While most captains of industry are unable to see anything that is not in their own immediate advantage, a few, a rare few, do recognize that there are vulnerable people out there who have been screwed by the system and many of them may seeks “solutions” to their problems that may involve insurrection, as far-fetched as that may sound to some of us. As Robert H. Dugger, a lobbyist for the financial industry told Evan Osnos, “Anyone who’s in this community knows people who are worried that America is heading toward something like the Russian Revolution.”  When you hear that you must conclude the guilt is oozing out of control.

 

Many of the über  rich think, as the aristocracy of France did before the French Revolution that the poor can eat grass. Others fear revolution that might upset their privileges. Dugger said,  “People know the only real answer is, fix the problem,” he said. “It’s a reason most of them give a lot of money to good causes.” At the same time, though, they invest in the mechanics of escape.” Investing in justice is just something that does not come naturally to the super-rich. It is the last thing they think of. Escape is something that leaps to mind.

Elite fantasies of escape are often exactly that–fantasies. There are all kinds of logistical problems. Many of the wealthy cannot see these problems. They assume there must be a way for them to escape. Can’t money solve all problems? After all they deserve that escape. They have earned that right to escape. So at least they think. Why do they have all this money if they can’t use it to escape. That is the only form of justice many of them understand.

Dugger told Osnos about a lavish dinner in New York City after 9/11 and the bursting of the dot-com bubble, “A group of centi-millionaires and a couple of billionaires were working through end-of-America scenarios and talking about what they’d do. Most said they’ll fire up their planes and take their families to Western ranches or homes in other countries.” One of the guests was skeptical, Dugger said. “He leaned forward and asked, ‘Are you taking your pilot’s family, too? And what about the maintenance guys? If revolutionaries are kicking in doors, how many of the people in your life will you have to take with you?’ The questioning continued. In the end, most agreed they couldn’t run.” You can run, but you can’t hide.

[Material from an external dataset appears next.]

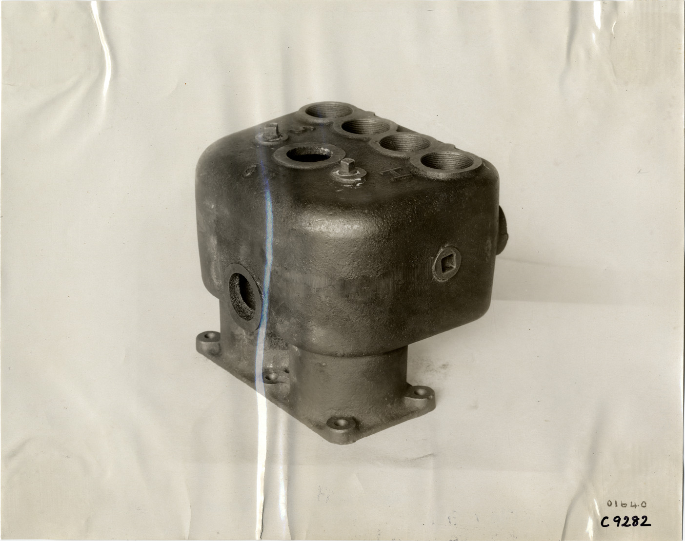 View of cylinder head manufactured by Massnick-Phipps Manufacturing Company. Handwritten on back: "Factories--Massnick-Phipps Mfg. Co., 1910. Cylinder head."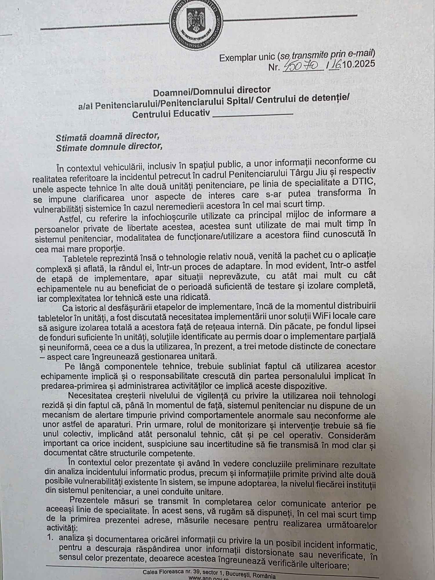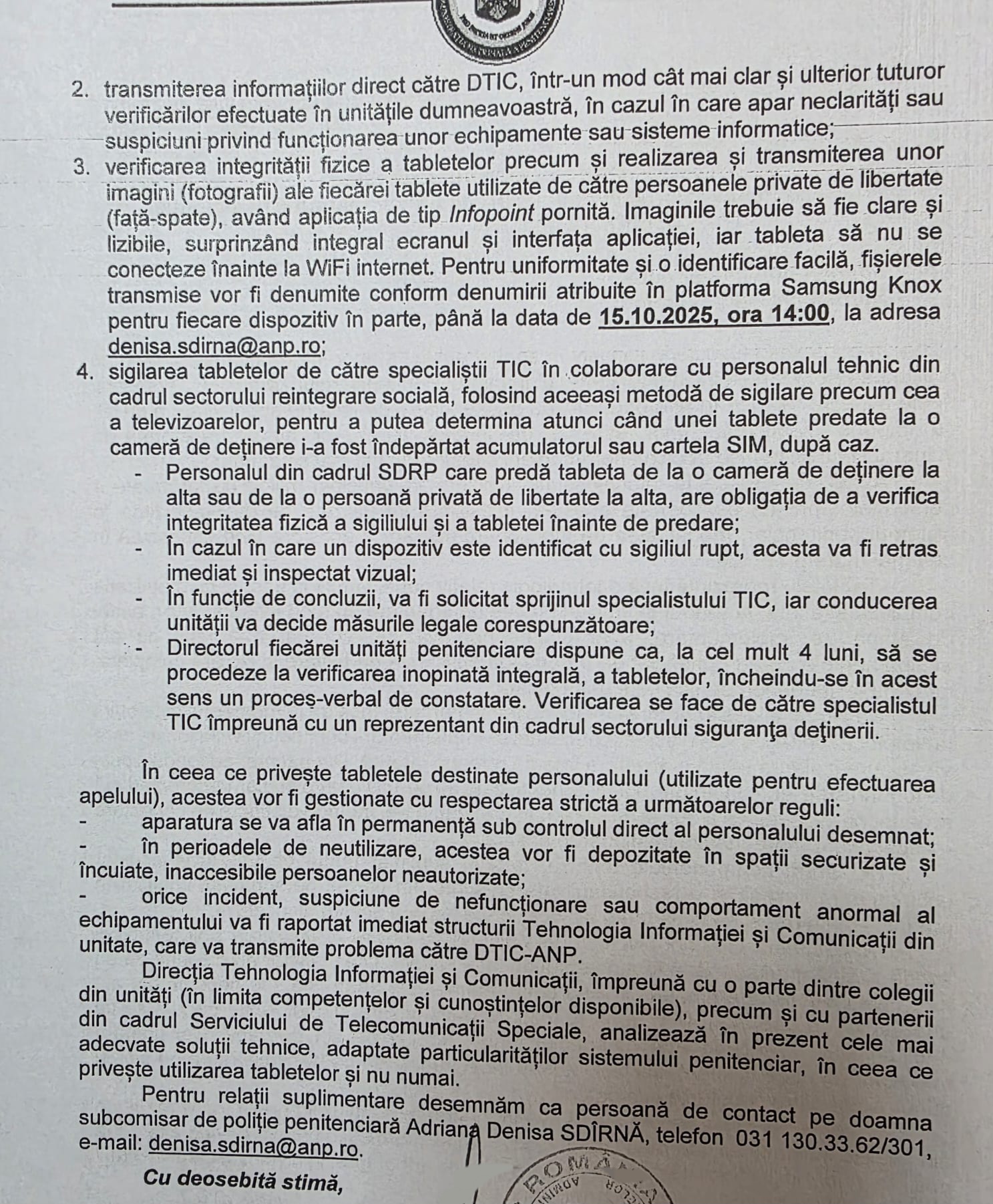 Si ca sa o faceți si temeinic sa o faceți până mâine. Acum nu știm până la ce oră. Mă gândesc că dacă ANP-ului i-au trebuit o lună jumătate să-și revină după șocul breșei de la Tg-Jiu celor din unități le este de ajuns o jumătate de zi sa facă același lucru? Mai ales ca in adresa de azi, la punctul 3, se cere ca pana ieri la ora 15 sa fie transmise date despre tablete. Adevarată comunicare a directorului Direcției IT din ANP recompensată cu majorare de 50% de directorul general Burcu . Si eu care ca un necunoscător ii ceream sa nu-i dea. Bravo nea Geo!!! Bravo nea Marinescule!!!

It is also interesting how the privileged classes have selected things to worry about.  As Osnos reported,

“Élite anxiety cuts across political lines. Even financiers who supported Trump for President, hoping that he would cut taxes and regulations, have been unnerved at the ways his insurgent campaign seems to have hastened a collapse of respect for established institutions. Dugger said, “The media is under attack now. They wonder, Is the court system next? Do we go from ‘fake news’ to ‘fake evidence’? For people whose existence depends on enforceable contracts, this is life or death.”

 

All of this shows that guilt can lead to paranoia.  If you fear that the tables will turn, no ideas are too far out there.